As piano beginners, we have to go through all the minor scales:

12 natural minors, 12 harmonic and 12 melodic.

The undertaking of studying this voluminous quantity seems daunting and infinite, but if we know their structure, they become much easier and pleasant to practice them.

A prevalent way to approach the study of the minor scales from the majority of the piano tutors is to start with either the melodic or the harmonic scales, but if we go chronologically, and we grasp the why of the changes and accidentals, their study will become an easier task.

Firstly, we have to start from the true beginning. The minor natural scales, as the major scales are part of a larger corpus of scales. Our modern scales come, like many things in Western culture, from the Greeks. Naturally, they had other names but the Major scales was called Ionian and the minor, Aeolian, and they referred to towns in Greece.

During the Renaissance and starting the Baroque, just two scales our the seven used, and they were named with our "modern" names: Major and minor.

So far, so good, but within the minors, we have three types or categories.

We should start with the natural minor, which does not change any of the notes related to their relative major ones, just starting three notes below the tonic of every major scale.
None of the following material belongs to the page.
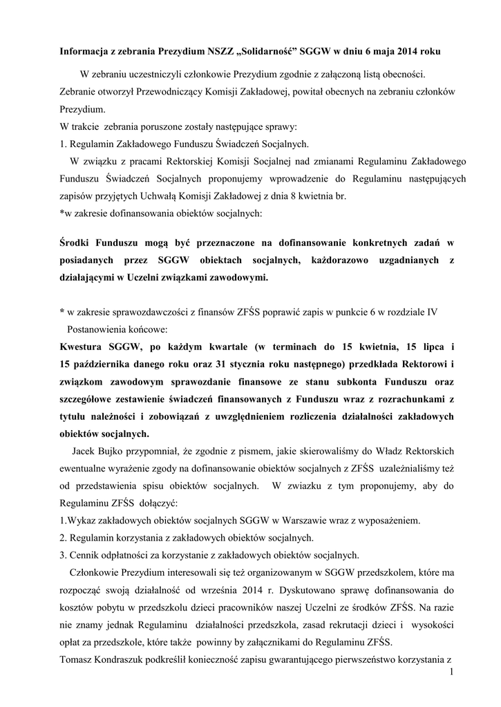 Informacja z zebrania Prezydium NSZZ „Solidarność” SGGW w dniu 6 maja 2014 roku W zebraniu uczestniczyli członkowie Prezydium zgodnie z załączoną listą obecności. Zebranie otworzył Przewodniczący Komisji Zakładowej, powitał obecnych na zebraniu członków Prezydium. W trakcie zebrania poruszone zostały następujące sprawy: 1. Regulamin Zakładowego Funduszu Świadczeń Socjalnych. W związku z pracami Rektorskiej Komisji Socjalnej nad zmianami Regulaminu Zakładowego Funduszu Świadczeń Socjalnych proponujemy wprowadzenie do Regulaminu następujących zapisów przyjętych Uchwałą Komisji Zakładowej z dnia 8 kwietnia br. *w zakresie dofinansowania obiektów socjalnych: Środki Funduszu mogą być przeznaczone na dofinansowanie konkretnych zadań w posiadanych przez SGGW obiektach socjalnych, każdorazowo uzgadnianych z działającymi w Uczelni związkami zawodowymi. * w zakresie sprawozdawczości z finansów ZFŚS poprawić zapis w punkcie 6 w rozdziale IV Postanowienia końcowe: Kwestura SGGW, po każdym kwartale (w terminach do 15 kwietnia, 15 lipca i 15 października danego roku oraz 31 stycznia roku następnego) przedkłada Rektorowi i związkom zawodowym sprawozdanie finansowe ze stanu subkonta Funduszu oraz szczegółowe zestawienie świadczeń finansowanych z Funduszu wraz z rozrachunkami z tytułu należności i zobowiązań z uwzględnieniem rozliczenia działalności zakładowych obiektów socjalnych. Jacek Bujko przypomniał, że zgodnie z pismem, jakie skierowaliśmy do Władz Rektorskich ewentualne wyrażenie zgody na dofinansowanie obiektów socjalnych z ZFŚS uzależnialiśmy też od przedstawienia spisu obiektów socjalnych. W zwiazku z tym proponujemy, aby do Regulaminu ZFŚS dołączyć: 1.Wykaz zakładowych obiektów socjalnych SGGW w Warszawie wraz z wyposażeniem. 2. Regulamin korzystania z zakładowych obiektów socjalnych. 3. Cennik odpłatności za korzystanie z zakładowych obiektów socjalnych. Członkowie Prezydium interesowali się też organizowanym w SGGW przedszkolem, które ma rozpocząć swoją działalność od września 2014 r. Dyskutowano sprawę dofinansowania do kosztów pobytu w przedszkolu dzieci pracowników naszej Uczelni ze środków ZFŚS. Na razie nie znamy jednak Regulaminu działalności przedszkola, zasad rekrutacji dzieci i wysokości opłat za przedszkole, które także powinny by załącznikami do Regulaminu ZFŚS. Tomasz Kondraszuk podkreślił konieczność zapisu gwarantującego pierwszeństwo korzystania z 1 przedszkola dzieciom pracowników SGGW. 2. Sprawy personalne na Wydziale Nauk o Żywieniu Człowieka i Konsumpcji. Maria Wesołowska poinformowała, że 7 maja br. odbędzie się kolejna rozprawa w sprawie o mobbing założonej przez prof. Bożenę Waszkiewicz-Robak. Świadkami przesłuchiwanymi w sprawie będą Maria Wesołowska i Elżbieta Biller. Przypomniała również o kontroli Państwowej Inspekcji Pracy prowadzonej na Wydziale Nauk o Żywieniu Człowieka i Konsumpcji w związku z możliwością zatrucia chemicznego pracowników Wydziału. Poinformowała o rozmowie telefonicznej z Inspektorem Pracy prowadzącym kontrolę. Pan Inspektor po wstępnym rozeznaniu sprawy zlecił przeprowadzenie szczegółowej kontroli laboratorium analiz chemicznych Sanepidowi i Nadzorowi budowlanemu. Kontrola jest aktualnie prowadzona. Po zakończeniu kontroli Inspektor przedstawi nam jej wyniki. Pan Inspektor stwierdził, również, że obecnie nie ma zagrożenia zdrowia pracowników Wydziału. Przeprowadzone pod koniec marca z inicjatywy Uczelni badania wody (badania mikrobiologiczne) i próbek z pokoju pracowniczego na zawartość substancji chemicznych (wykonane bez oznaczeń selenowodoru, tj. selenu) nie wykazały zagrożenia dla zdrowia, poprawiono doraźnie wentylację, zmieniono pokój pracownikowi i wstrzymano oznaczenia w laboratorium. Jacek Bujko poinformował o rozmowie z samodzielnym pracownikiem naukowo-dydaktycznym Wydziału i zgłoszeniu do Inspektoratu BHP naszej Uczelni sprawy zatrucia, związanego z miejscem pracy (pokój pracowniczy, w którym osoba pracuje znajduje się w dużej bliskości nad laboratorium, w którym prowadzone były analizy chemiczne). Bardzo złe samopoczucie i pogorszenie stanu zdrowia (7-krotne zatrucia ostre i trzymiesięczne zatrucie przewlekłe organizmu) osoba ta sygnalizowała od stycznia 2014. Jacek Bujko przedstawił też kopie pism innych pracowników Wydziału skierowanych do Inspektoratu BHP, w których zgłaszają podobne pogorszenie samopoczucia w analogicznym okresie. Pobyt w szpitalu wykluczył przyczyny nowotworowe i zaburzenia hormonalne, a dopiero badania wykonane osobistym staraniem w marcu 2014 wykazały znaczne przekroczenie w Jej organizmie dopuszczalnej dawki przede wszystkim selenu, jak też mniejsze narażenia na chrom i nikiel. Od tej pory, pomimo pism kierowanych przez Nią do Władz Uczelni nie podjęto żadnych działań związanych z przebadaniem organizmu w kierunku uszkodzenia narządów w wyniku zatrucia chemicznego w środowisku pracy, w tym nie podpisano umowy medycznej z wyspecjalizowanym ośrodkiem medycyny pracy, który mógłby takie analizy wykonać, aby stwierdzić stopień utraty zdrowia. Ponadto osoba poszkodowana odnosi wrażenie, że uczelnia nie chce uznać, że zatrucie miało miejsce w środowisku pracy. Dlatego też zwraca się do Komisji Zakładowej NSZZ „Solidarność” SGGW z prośbą o pomoc w zorganizowaniu przez Uczelnię objęcia Jej długotrwałą specjalistyczną opieką medyczną w tym przez Instytut Medycyny Pracy w Łodzi, gwarantującą profesjonalną diagnostykę toksykologiczną, 2 tym bardziej, że ostatnie wyniki badań wskazują na zaburzenia w funkcjonowaniu organizmu związane ze zmianami w narządach wewnętrznych (płuca, wątroba). Członkowie Komisji Zakładowej w dyskusji podkreślali konieczność udzielenia jak największego wsparcia i pomocy poszkodowanej osobie. Konieczne jest też przeprowadzenie facho

We will easily have within our grasp the natural minor. From there, we will go to the harmonic, which started to be in use during the Renaissance period. This scale raises its seventh degree by one semitone, and it gives an "Eastern" flavour to it.

Finally, we have the melodic scale:

This last characteristic of the harmonic is overridden by the raising of the six and seventh degrees ascending and in the descending, the natural scale is played. Easy!